Большая часть фельетонов, очерков, рассказов М.Булгакова — это зарисовки с натуры, отклик газеты или журнала на конкретные события, явления будничной жизни. Как репортер Булгаков бывал на сельскохозяйственной выставке, в студенческих общежитиях, в МУРе, в магазинах, в детской коммуне, в ресторанах, бродил по московским улицам. Всюду его острый художнический взгляд замечал характерные явления, изменения в будничной жизни. Читаешь его ранние фельетоны, рассказы, очерки и все время думаешь, насколько несправедливы были критики, упрекавшие его в поддержке всего буржуазного и новобуржуазного. Его позиция очень определенна: он резко выступает против нэпманов, этих нуворишей, выскочек, приспособленцев, радуется всему новому, что так стремительно входило в жизнь. Москва пробуждалась к новой жизни. Самые мрачные времена миновали, но сколько возникало конфликтов и противоречий между старым и новым. Возникали и лопались эфемерные организации, которые должны были, по замыслу их создателей, помогать населению бороться с голодом, а по существу ничем не помогали. Один из первых своих фельетонов М. Булгаков посвятил нэпу. На глазах Москва стала менять свой облик, как только начали действовать законы новой экономической политики:
«Началось это постепенно… понемногу… То тут, то там стали отваливаться деревянные щиты, и из-под них глянули на свет, после долгого перерыва, запыленные и тусклые магазинные витрины. В глубине запущенных помещений загорелись лампочки, и при свете их зашевелилась жизнь: стали приколачивать, прибивать, чинить, распаковывать ящики и коробки с товарами. Вымытые витрины засияли. Вспыхнули сильные круглые лампы под выставками или узкие ослепительные трубки по бокам окон» (Торговый ренессанс. Москва в начале 1922-го года).
Всего лишь полгода назад Москва казалась нищей, голодной, убогой, а сейчас словно какие-то таинственные шлюзы открылись и полноводная река товаров хлынула на полки Кузнецкого, Петровки, Неглинного, Лубянки и пр. «Магазины стали расти, как грибы, окропленные живым дождем нэпа».
Булгаков лаконичными и вместе с тем разнообразными средствами передает тот экономический подъем, который последовал вслед за провозглашением нэпа: здесь и точные характерные детали («На оголенные стены цветной волной полезли вывески, с каждым днем новые, с каждым днем все больших размеров»), здесь и естественные волнения человека, одобряющего действия новой власти. Толчея на улицах, гомон бесчисленных торговцев, вереницы извозчиков, хриплые сигналы автомобилей, переполненные товарами магазины, вместо витрин, сделанных на скорую руку, все чаще появляются прочные, красивые — «надолго, значит». Все появилось в магазинах — белый хлеб, торты, сухари, баранки, горы коробок с консервами, черная икра, словом, все, что только можно пожелать. И это, естественно, радует репортера.

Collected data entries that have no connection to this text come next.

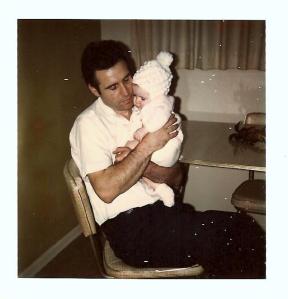 I came across this photo recently while going through a box of family photographs. I was struck by how Dad is holding me so protectively, in a tender yet fierce grip. His eyes closed, it’s as if he’s trying to sear that moment into his memory and heart forever. I hope he was able to, and to recall it as the darkness of dementia swept over him in the last years of his life.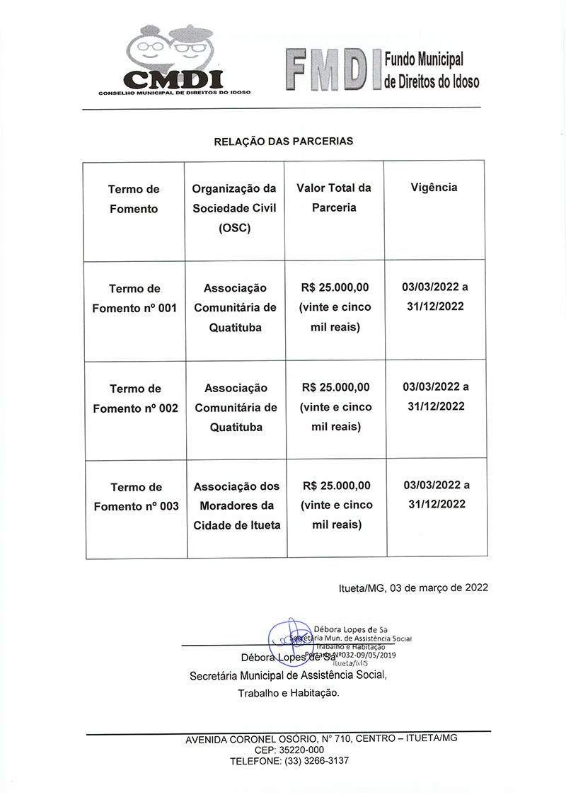 O MUNICÍPIO DE ITUETA, situado na Praça Antônio Barbosa de Castro, nº. 35, Centro, CEP nº. 35.220-000, por intermédio da Secretaria Municipal de Assistência Social, Trabalho e Habitação - Conselho Municipal dos Direitos do Idoso - CMDI, Fundo Municipal de Direitos do Idoso - FMDI, torna público a presente RELAÇÃO DE PARCERIAS do Edital de Chamamento Público, das Organizações da Sociedade Civil que celebraram Termo de Fomento que tem por objeto a execução de projetos com as atividades relacionadas no edital.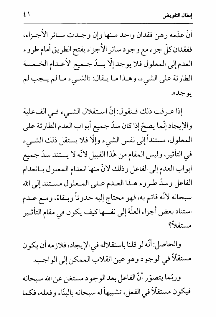 نام کتاب : لب الأثر في الجبر والقدر ، وتليه رسالة أخرى في الأمر بين الأمرين، تقريراً لمحاضرات السيد الخميني نویسنده : الشيخ جعفر السبحاني جلد : 1 صفحه : 41

Булгаков приветствует нэп, видит мудрость и своевременность новой экономической политики. Отмечает, с какой поразительной быстротой и щедростью раскрылись доселе наглухо закрытые магазины, как оживились до сих пор молчавшие московские улицы. Извозчики, мальчишки с газетами, приодевшаяся толпа — все запестрело, зацвело веселой деловой жизнью. Приметы времени, точные детали, колоритные подробности быта… Особенно интересны такие очерки, как «Москва краснокаменная» и «Столица в блокноте». Булгакова по-прежнему поражает обилие товаров, но он замечает и другое — нового покупателя, нового персонажа своих будущих фельетонов — господина Нэпмана; замечает яркие контрасты в жизни, видит новое и старое. С одной стороны, обилие всяческих товаров, но многие еще ходят в старом, особенно омерзительны френчи, оставшиеся в память о войне. Большинство ходит в «стоптанной рвани с кривыми каблуками. Но попадается уже лак. Советские сокращенные барышни в белых туфлях».
Среди обилия афиш, плакатов — «на черном фоне белая фигура — скелет руки к небу тянет.